Invisible Bank


Despite being a country with 1.2 billion people, India faces a blood shortage of three million units. This can be sorted out if an additional two percent of her people donated blood, say health experts. To add to the woes, irregularities of some blood banks in collection and distribution of blood also affects a donor’s intention to donate blood.

The idea of virtual blood banks (VBB) is thus catching up across the country and Rotaract Club of Altruism,  Kolkata is offering the service to needy patients. So how does it work? Explains Deep Shankar Saha, the president of the club: “The virtual blood bank is an online database, where details of potential donors such as  blood group,  contact, etc., are stored. The data is sorted according to area/locality so that help is available quickly. Here you need not actually donate blood until someone in your neighbourhood needs it.”

Unlike blood donation camps, where precious blood gets wasted sometimes either due to abundance or short expiry dates (the shelf-life of donated blood is 35 to 42 days), here blood is donated by donors only when the necessity arises. The concept also eliminates the chance of blood smuggling, as donors know who they are donating to.

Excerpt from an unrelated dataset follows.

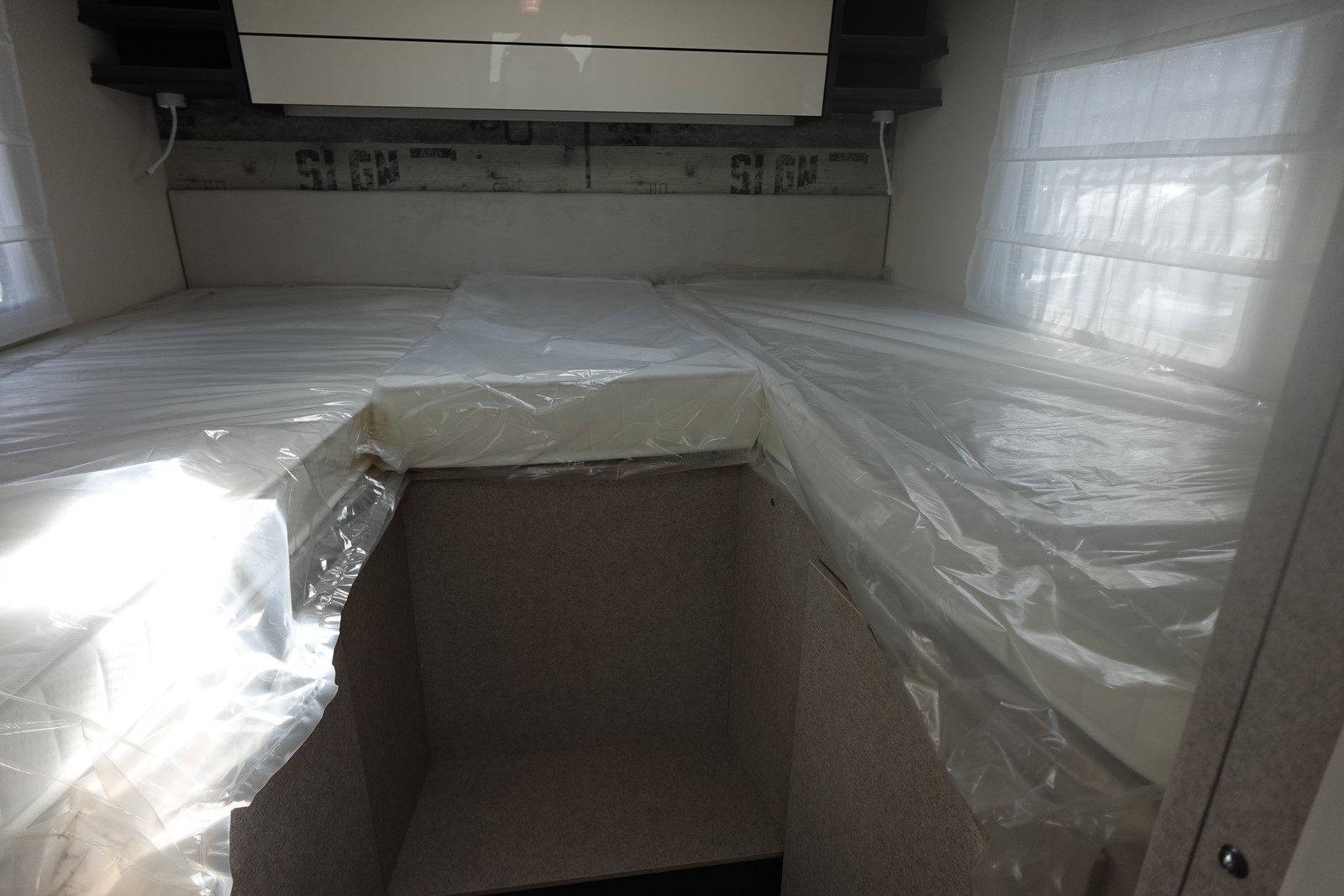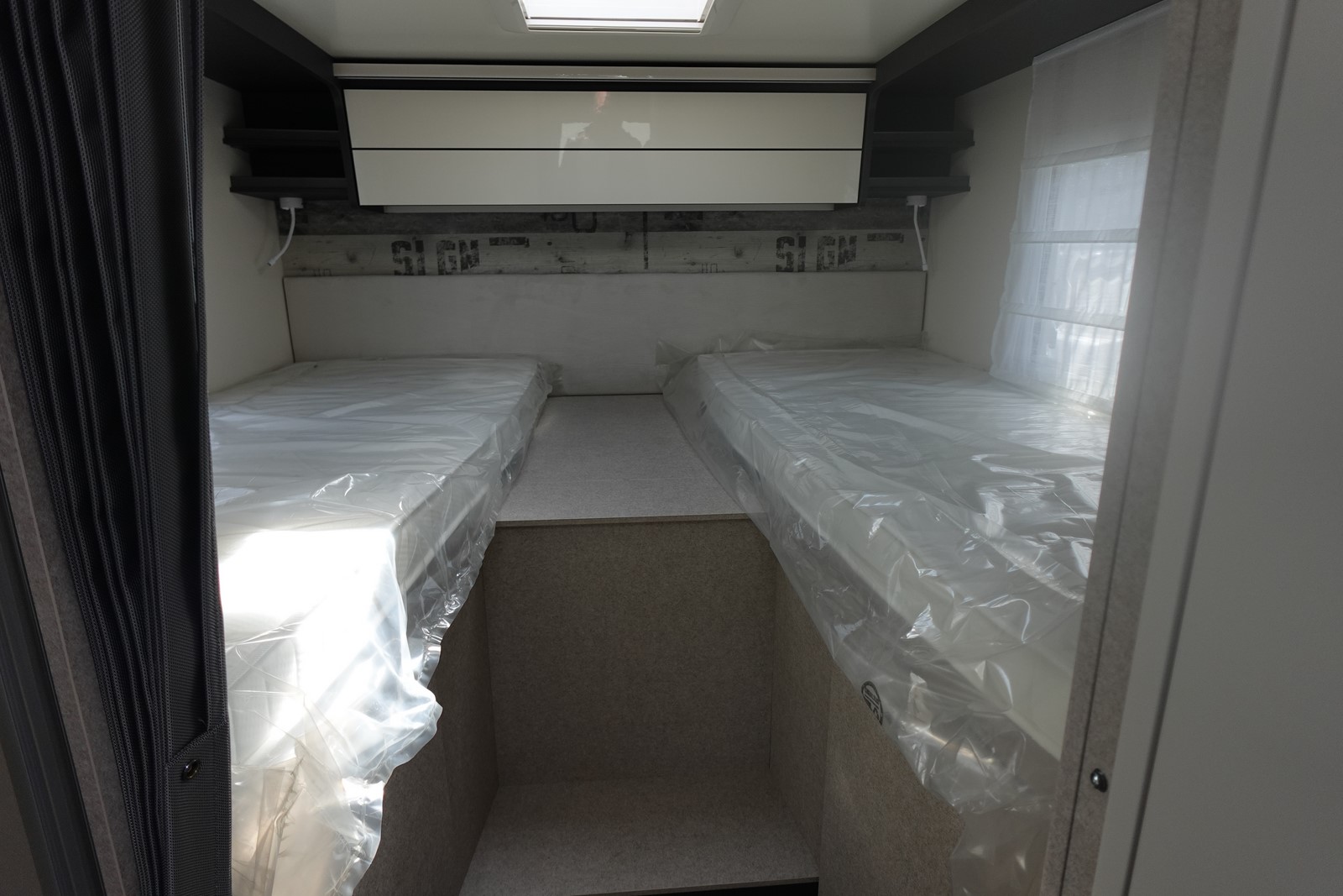 Magnifique profilé en série limitée avec un lit de pavillon, des lits jumeaux à l’arrière, une salle de bains avec douche indépendante, une cuisine comprenant de nombreux rangements et une dînette avec banquettes face-à-face et sa table pliante pivotante à 360°.
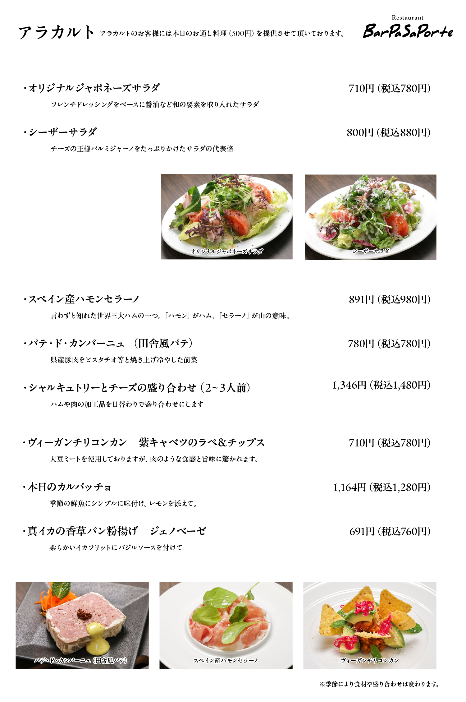 | ・ | お一人様 500円 |

Asked how it all started, Deep reminisces their first project, a blood donation camp for thalassemia patients which they organised in February 2014 at Kolkata at a cost of Rs 15,000. He was amazed at the overwhelming response to the call and the idea of VBB was then born. The main objective of VBB was to stop illegal syphoning of blood for commercial reasons. On how it works, he says the recipient’s relative or the hospital can place a call on their helpline which is open 24 x 7, and the ­Rotaractors zero in on the registered donors  who match the patient’s requirement. Then physically donation takes place.

10648983_287260034798022_1898154081668639324_o--“We ensure that calls don’t go unattended and that there is prompt link-up with the prospective donor so that the patient gets timely help,” he explains.

If you are above 17 and fit, you can register with this VBB by filling out the form at

The club has also launched a facebook page, Virtual Blood Bank of RC Altruism, and within 24 hours of its launch on August 1, they were pleasantly surprised to have 600+ registrations. Currently based at West Bengal, they have plans to expand across India and tie-up with other Rotaract clubs, who have similar movements. Today, VBB has more than 1,100 registrants pan India and they have also responded to blood donation requests at Bangalore and Chennai, says the club President.

Rotaract Club of Altruism was sponsored by Rotary Calcutta Outram, RI District 3291. Chartered in March 2014, it has 30 members on its roster, the average age being only 22 years. The Rotaractors are an enthusiastic team. They have organised a two-day medical camp at Chandrapur in Burdwan district where 546 people were screened and provided treatment for various ailments. The region, they say, had no doctors in its vicinity and the camp has benefitted the villagers. The Rotaractors visit Rupayan, a rehab centre for street children, periodically and particularly on festive occasions and provide them the necessary support.

Justifiably, they won the ‘Best New Club’ award at the 2013–14 District Rotaract Conference.